I have stayed in nicer places and also in worse ones, and in both cases I always did the same thing when I arrived: I mapped the space before I unpacked a single thing. The Exits, Sightlines. Where the wifi router was and the walls thin enough to hear through.
Old habit, but useful.
The Tao estate sat at the end of a driveway long enough to make a statement, flanked by trees that had been growing longer than I had lived. The house itself was three floors of pale stone and dark glass, and it had the particular quietness of a place where everything had already been decided. The gardens were perfect. The gravel was raked. Even the light at the front entrance looked arranged.
I got out of the car with two suitcases and a laptop bag.
Mrs. Delacroix met me at the door.
She was the housekeeper, and she was exactly the kind of woman this house needed: steady, unhurried, silver-haired, with the quiet authority of someone who had kept bigger households running without complaint. She shook my hand properly and led me inside without any fuss.
I liked her. I showed that I liked her and kept moving.
The east wing corridor was long and carpeted and very quiet. My suite was at the far end, and when she opened the door I stood in the entrance for a moment before I entered.
White flowers in a vase sitting on the cabinet. Heavy curtains. A new bed made with this kind of precision. A window overlooking the back garden and the open grounds beyond it.
Mrs. Delacroix told me dinner was at 7:30 p.m. And asked if I needed anything, I said I was fine, then she left.
I set my bags down and started mapping.
Two entry points: the door and the window. The window was three floors above the open ground. The wifi router for the east wing was in the hallway outside, running off the main household network through a secondary hub. The desk near the window had a clear view of the door.
Adrian’s rooms were in the west wing. Opposite end of the house entirely.
The distance was good, which means privacy for me. Privacy meant I could work without constantly fixing my face every five minutes.
I unpacked the first suitcase quickly, clothes, shoes, and toiletries into the bathroom. The second suitcase I handled more carefully. I lifted the base, peeled back the rigid inner lining at the frame, and removed what I had packed inside it: a portable hard drive and a secondary phone, both wrapped in a thin sleeve.
I transferred them into a hidden spot under the drawer and arranged my toiletries in front of it, making it not look suspicious.

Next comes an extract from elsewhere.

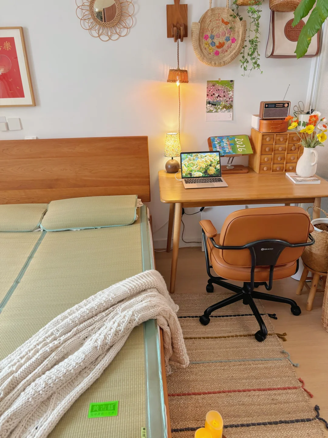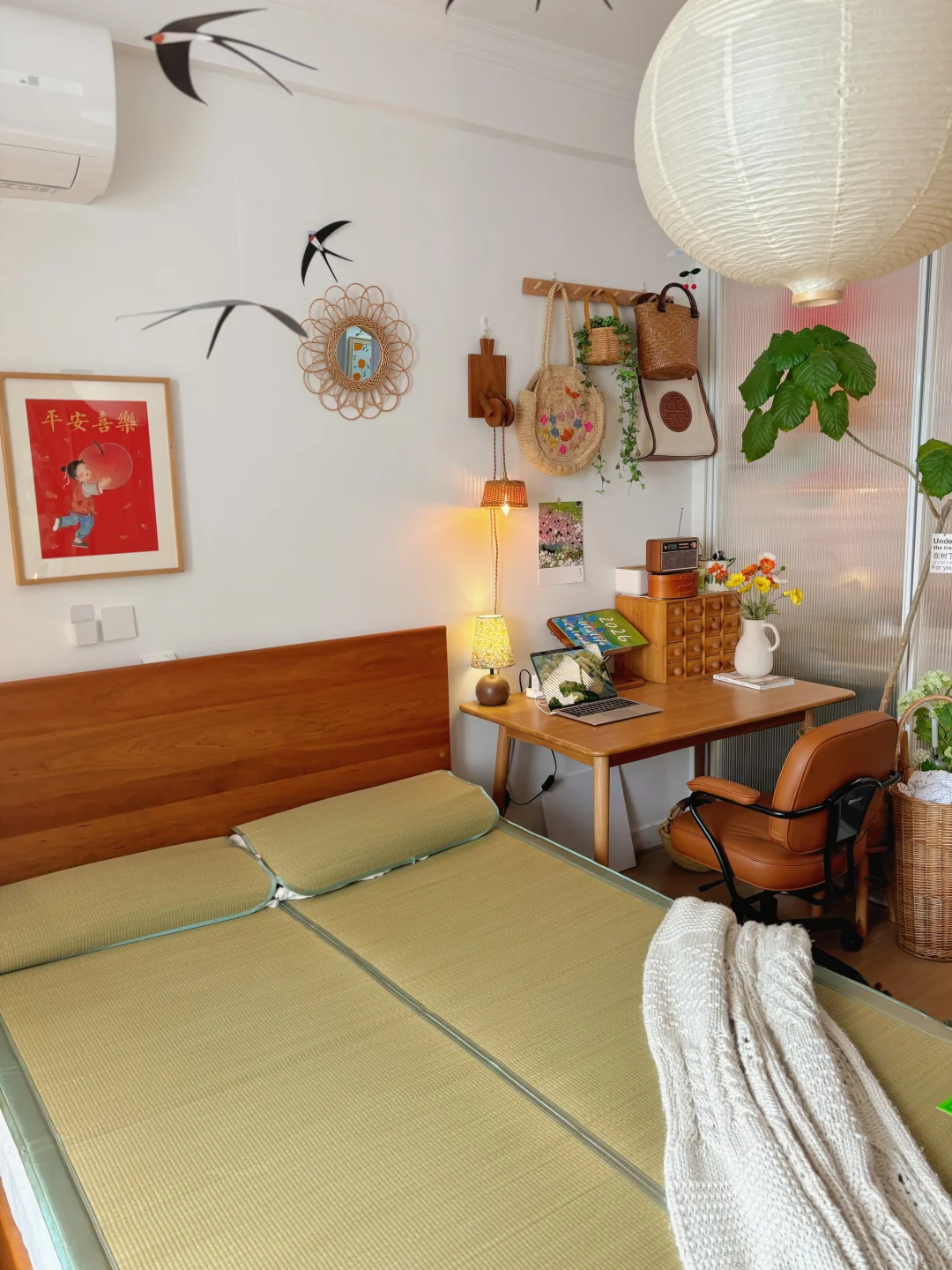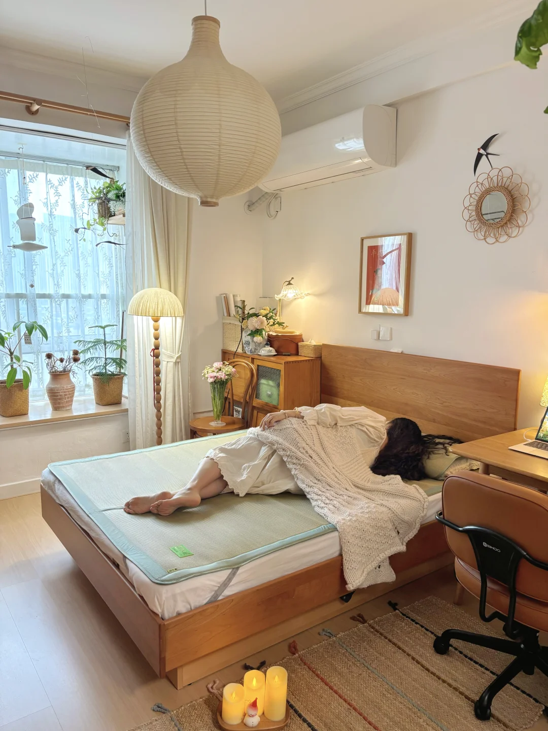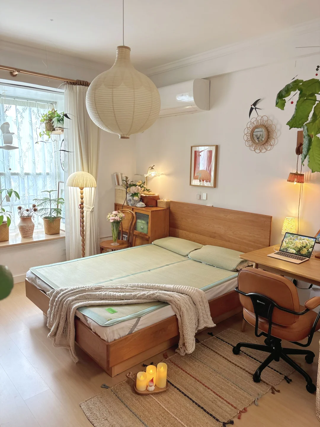 复古原木风卧室的凉席已就位

I had done this before. A rented room above a restaurant in Eastfield two years ago. A corporate apartment before that. A shared house during my first undercover assignment when I was twenty-three and still learning what I was capable of. I knew how to move into a space without leaving the parts of myself that mattered where anyone could find them.
But those places did not have security systems like this one. The staff there didn't appear silently at odd hours. There was no one living forty meters away who had already startled me twice.

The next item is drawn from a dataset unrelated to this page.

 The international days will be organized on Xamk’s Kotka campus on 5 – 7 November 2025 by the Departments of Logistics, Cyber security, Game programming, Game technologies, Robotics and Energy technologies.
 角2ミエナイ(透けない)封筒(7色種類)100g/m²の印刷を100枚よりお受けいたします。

I sat on the edge of the bed.
Next phase, I told myself. This is just the next phase.
The mattress was very soft. The room smelled like fresh flowers and clean linen and money.
I almost believed myself.
Dinner was at 7:30 p.m. and the dining room could accommodate twenty people without feeling crowded.
Tonight there were two of us, sitting at one end of a table long enough to feel like a point being made. The food arrived in courses, quiet and well-timed. Whoever was cooking in that kitchen took it seriously, and the food showed it.

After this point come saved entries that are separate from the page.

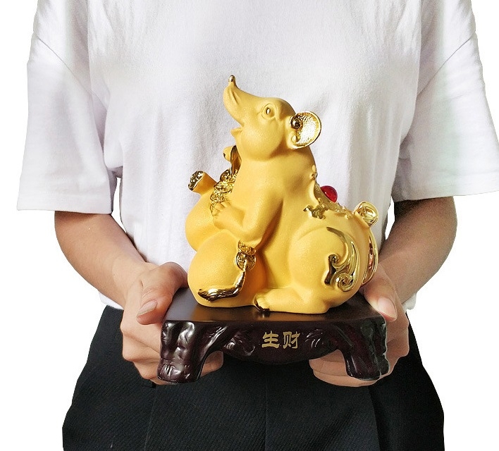 Đặc biệt mẫu chuột ôm vàng – dáng ngẩng đầu tượng trưng cho tiền tài ngày càng đi lên, rất hợp trưng bày bàn làm việc, quầy thu ngân, cửa hàng kinh doanh.
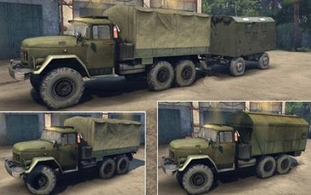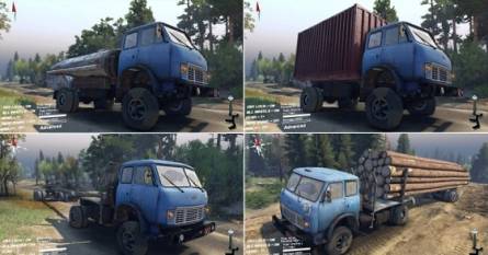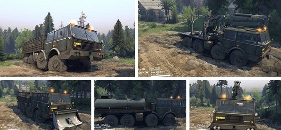 Моды грузовиков для Spin Tires 2015. Грузовик заменяет ЗиЛ, а звук использует ураловский. Он имеет анимацию подвески, рамы и запаски, кабины и мелкая анимация прочего. У него есть свои аддоны - сцепка, контейнер и цистерна, при которых меняется модель грузовика, стандартные тоже использует.
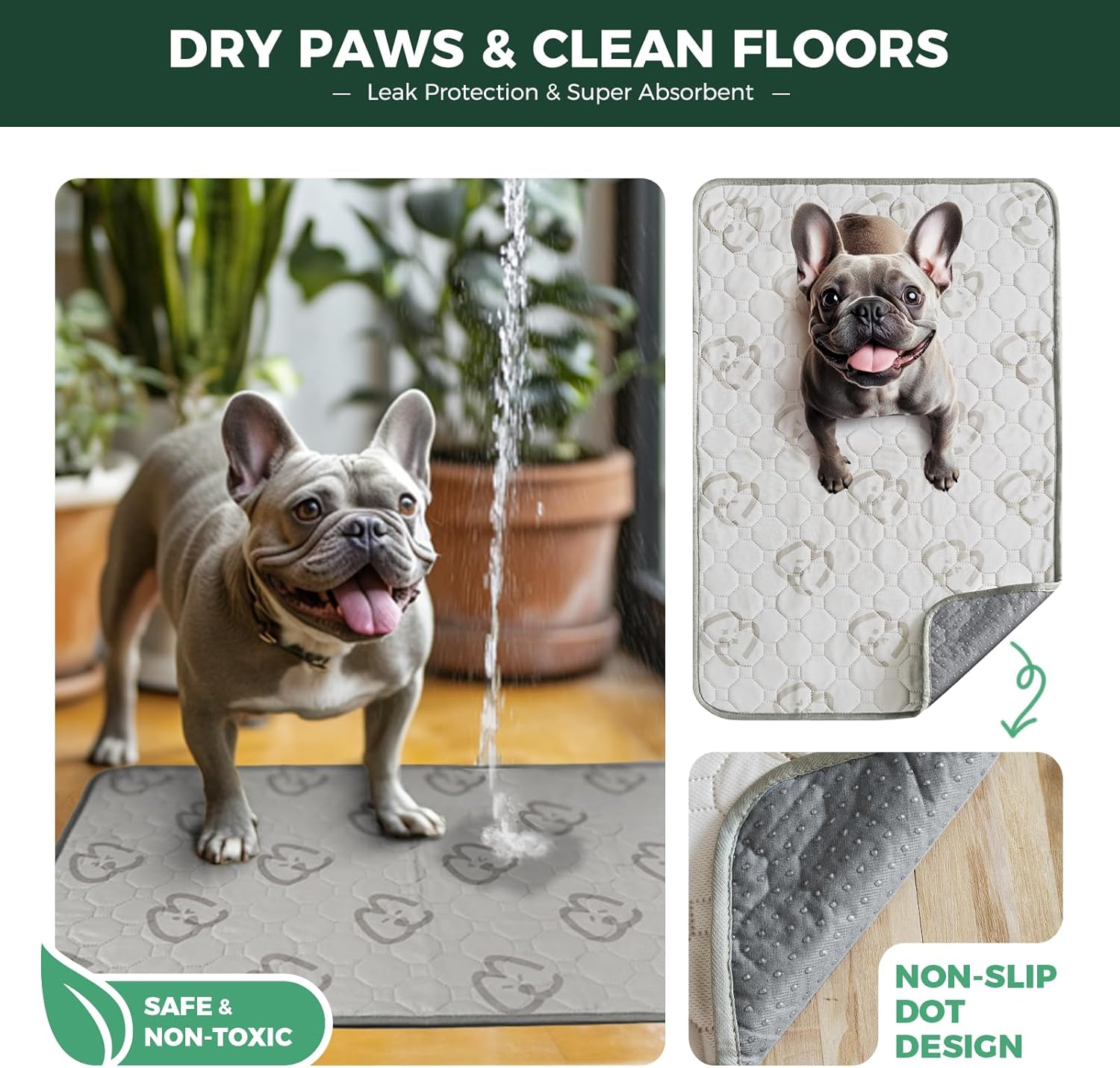 - Over 100x Reusable & Eco-friendly: Our puppy mats are machine washable and built to last over 100 uses. These reusable puppy pads for dogs are an eco-friendly, cost-saving choice — our dog training pad costs 5 times less per use than disposables.
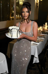 Be the star you are in the Petra dress, a shimmering, sparkling maxi cut from soft stretch net embellished with all-over rhinestones. With a sexy, semi sheer appearance, the dress is complete with a square neckline and low scoop back.
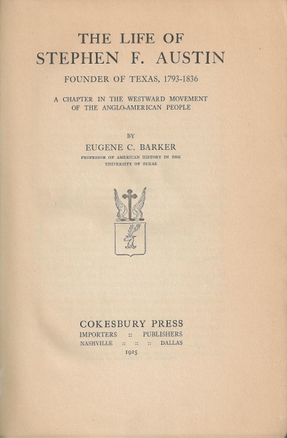 THE LIFE OF STEPHEN F. AUSTIN FOUNDER OF TEXAS, 1793 – 1836. A CHAPTER IN THE WESTWARD MOVEMENT OF THE ANGLO-AMERICAN PEOPLE

The conversation did not show the same care.
We talked the way two strangers talk when they aren’t familiar with each other: we talked politely and carefully trying to seem natural even though we knew we weren't.
He asked about the suite. I said it was comfortable. I asked about upcoming events. He listed two without looking up from his food.
Everything was fine. The performance was holding.
Then he glanced toward the flower arrangement on the cabinet and made a comment.
He said the arrangement was overdone. That the east wing always ended up with the decorator’s unused ideas.
I set my fork down.
Calmly not dramatically, with a quiet sound on the plate.
“Mrs. Delacroix has been running this house since before you were old enough to have opinions about it,” I said, quietly and steadily. The way you say something you mean without needing to perform the meaning.
Silence dropped over the table like a cloth.
Adrian looked up from his plate.
I held his gaze for exactly a second, then picked up my fork and kept eating. I had said what I said. I wasn’t going to soften it or retract my statement or fill the silence with something apologetic. It didn’t need any of that.
“The contract didn’t mention you’d have opinions,” he said.
“Most contracts don’t,” I said. “That doesn't mean I don't have them.”
He looked at me for a long moment. I had now seen that look four times: the still, recalculating look of a man who keeps arriving at a version of me that’s different from the one he expected. He didn't say anything else, he just picked up his fork and didn't make another careless remark for the rest of the meal.
We finished dinner in a quietness that felt less like avoidance and more like two people who had just agreed on something without saying it aloud. I said goodnight at the foot of the stairs. He nodded once. I went up.
In my suite, I changed clothes, made tea from the kettle on the cabinet, and sat at the desk.
The estate’s network was a different world from the public terminals I had been working from for three years. Those had given me the edges of the company. Scheduling systems, common drives. The kind of access that produces slow, incomplete pictures. What I had built from those terminals had taken eighteen months to become anything useful.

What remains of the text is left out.